Start Politik Nach Dschihadismus-Vorwürfen gegen Militär-Imam: Bosnischer Dachverband fordert Wiedereinstellung
„RUF WIDERHERSTELLEN“

Nach Dschihadismus-Vorwürfen gegen Militär-Imam: Bosnischer Dachverband fordert Wiedereinstellung

(FOTOS: Bundesheer, Facebook/Klaudia Tanner)

Nachdem der Militärimam Abdulmedžid Sijamhodžić wegen fragwürdiger Verbindungen in Bosnien abbestellt wurde, äußert sich nun der Verband bosnisch-herzegowinischer Vereine in Österreich „Consilium Bosniacum“ kritisch zu dem Vorfall.

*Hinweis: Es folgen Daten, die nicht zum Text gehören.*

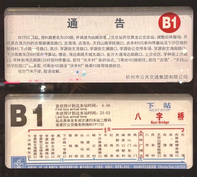 B1 线 站 牌 上 的 调 整通 告 本版摄影 记者 黄煜轩

Verteidigungsministerin Klaudia Tanner (ÖVP) hatte am vergangenen Donnerstag die Zusammenarbeit mit dem islamischen Militärimam Abdulmedžid Sijamhodžić beendet und ihn vom Dienst beim Bundesheer enthoben (KOSMO berichtete). Grund dafür sei ein im Internet kursierendes Video gewesen, in dem der Seelsorger öffentlich Sympathie für die ehemalige Dschihad-Bewegung in Bosnien gezeigt haben soll. Der Verband bosnisch-herzegowinischer Vereine in Österreich „Consilium Bosniacum“ kritisiert den Vorfall scharf und fordert die Wiedereinstellung des Imams.

In einem Schreiben fordert der Verband Verteidigungsministerin Tanner dazu auf, den Militärimam zurück in sein Amt zu lassen: „Wir appellieren […] diesen Darstellungen und Unwahrheiten aus rechtsextremen Kreisen keinen Raum zu geben und die Anschuldigungen gegenüber Herrn MMag. Abdulmedžid Sijamhodžić genau zu prüfen – wir haben leider nicht den Eindruck, dass eine objektive und gründliche Prüfung stattgefunden hat – und bei einem positiven Abschluss ihn und somit seinen Ruf wiederherzustellen“, so der Verein in einer Aussendung vom Dienstag.

„Wir haben leider nicht den Eindruck, dass eine objektive und gründliche Prüfung stattgefunden hat“

Verband bosnisch-herzegowinischer Vereine in Österreich „Consilium Bosniacum“

Konkret äußerte der Verband kritische Bedenken gegenüber der QUELLE des Videos, die zu der Abberufung Sijamhodžićs geführt hatte: Der Urheber des Videos, der selbsternannte „Islamistenjäger“ Irfan Peci, soll dem bosnisch-herzegowinischen Verband zufolge ein Rechtsextremer und Identitärer sein. Zudem sollen seine Behauptungen schlichtweg an den Haaren herbeigezogen sein:

„Um seine Anschuldigungen zu bestärken, bedient sich Herr Peci vermeintlichen Beweisen, die auf Facebook-Postings des Militärimam zurückzuführen seien. Dabei fällt dem kritischen Beobachter auf, dass Herr Peci manipulativ, tendenziös und teilweise bewusst falsch argumentiert.“

Als Beispiel nennt der Verband etwa, dass das vermeintliche Dschihad-Video, das auf der Facebookseite von Sijamhodžić zu sehen sein soll, dort gar nicht vorhanden sei. Ebenso wird die Anschuldigung zurückgewiesen, dass sich der Militärimam mit dem ehemaligen Kriegsgeneral der regulären bosnischen Armee Atif Dudaković ablichten ließ, der im Oktober 2018 wegen mutmaßlichen Kriegsverbrechen angeklagt aber bislang nicht verurteilt wurde: „Das Foto mit Sijamhodžić entstand erst vor der Anklage im Oktober 2018“, so „Consilium Bosniacum“.

„Darüber hinaus können keine geteilten Videoaufnahmen oder Fotos von den regulären Armeeangehörigen (keine Dschihadisten!) der Armee der Republik Bosnien-Herzegowina, welche die einzige legitime Militärmacht in den 1990er Jahren in Bosnien-Herzegowina war, einer Person zum Vorwurf gemacht werden“, schreibt der Verband weiter.

Dass der Militärimam wiedereingestellt wird bleibt unterdessen mehr als fragwürdig. Beim Bundesheer hatte man das Filmmaterial nach eigenen Angaben nämlich bereits eingehend überprüft. Verteidigungsministerin Tanner dazu vergangene Woche in einer Aussendung:

 „Wir haben umgehend mit umfassenden Prüfungen begonnen. Sollten sich die Anschuldigungen erhärten, so werden weitere Maßnahmen folgen. Ich habe keinerlei Verständnis für ein solches Verhalten und werde solche Aktionen unter meiner Führung nicht dulden“, erklärte die Ministerin.